The strange coincidence that Allison had pointed out between Buck’s shout and Don’s descent was apparent even though there was no soundtrack. It was clear from the movements of his mouth when he was shouting and Chip used the slider to go back and forth over the two moments. In the video version of events, Buck’s eruption actually occurred slightly before Don began to fall to the ground. Chip could see how Allison might have been confused because Don’s shock sequed smoothly into the motion of falling backwards so that it looked like he starting falling as soon as Buck shouted. After reviewing the frames over and over, Chip decided that Don had been first surprised and then a split second later had begun to fall to the ground. Using the listed frame rate of the video camera system, Chip was actually able to quantify how long the split second between those two events was.

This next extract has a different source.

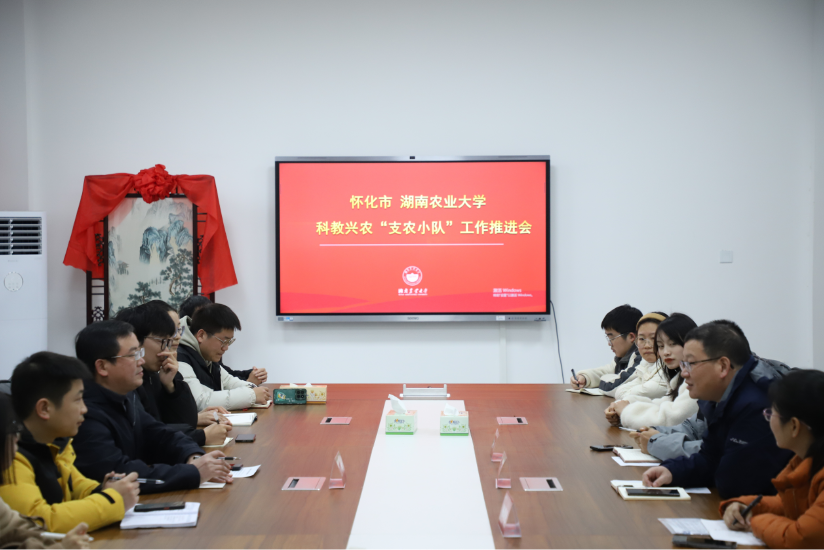 本网讯(研究生工作部 范颖平 刘家语)12月24日,怀化市、yl88858永利集团科教兴农“支农小队”工作推进会在5教201会议室召开,共同推进校地共建合作事宜。怀化市委农办副主任向雄、农业综合服务中心农业科技服务站站长杨原、农业农村局科教科副科长杨晓艳,研究生工作部副部长龙小军,研究生辅导员代表、支农小队成员代表参加会议。

Chip began to search the video for evidence that Don Mockson had not had a stroke. Of course, you couldn’t see a stroke with a camera, but the thought of Don’s blood vessels reminded Chip of a piece of technology that had appeared in an old video game system. Using an ordinary CCD video camera like one would find in a computer for videoconferencing, there was enough color detail to actually discern the subtle variations in shade that resulted from a person’s pulse. Video game developers had used this sensor to develop personally tailored experiences that kept people at a peak level of excitement without desensitizing them. Chip wondered if the same idea could work on this surveillance video footage. The individual faces were quite a bit smaller than they would be on a webcam, but the resolution of the camera system was better, so maybe the idea had a chance of working.

The code for the video game system was still a tightly held secret, even though one hadn’t sold at retail for years, but with some digging, Chip came up with the proof of concept code that was originally published in the scientific literature. It turned out to be relatively simple to go to the author’s website and download the code. It was in an older variant of a programming language, but Chip was eventually able to reconstruct the software necessary to process the video files. With some more effort, he extracted the individual frames from the surveillance video and cropped out just the part showing Don Mockson’s face. Feeding those images into his jury-rigged pulse recognition software, he was surprised when it worked the first time.

The program output luridly colored versions of the video frames using colormaps that were chosen to highlight the minute differences in shades of pink that were hints at the blood flowing underneath a person’s skin. In addition to the false color images, there was also a simple number, 65 beats per minute. Don Mockson had been as cool as a cucumber in the moment before he died.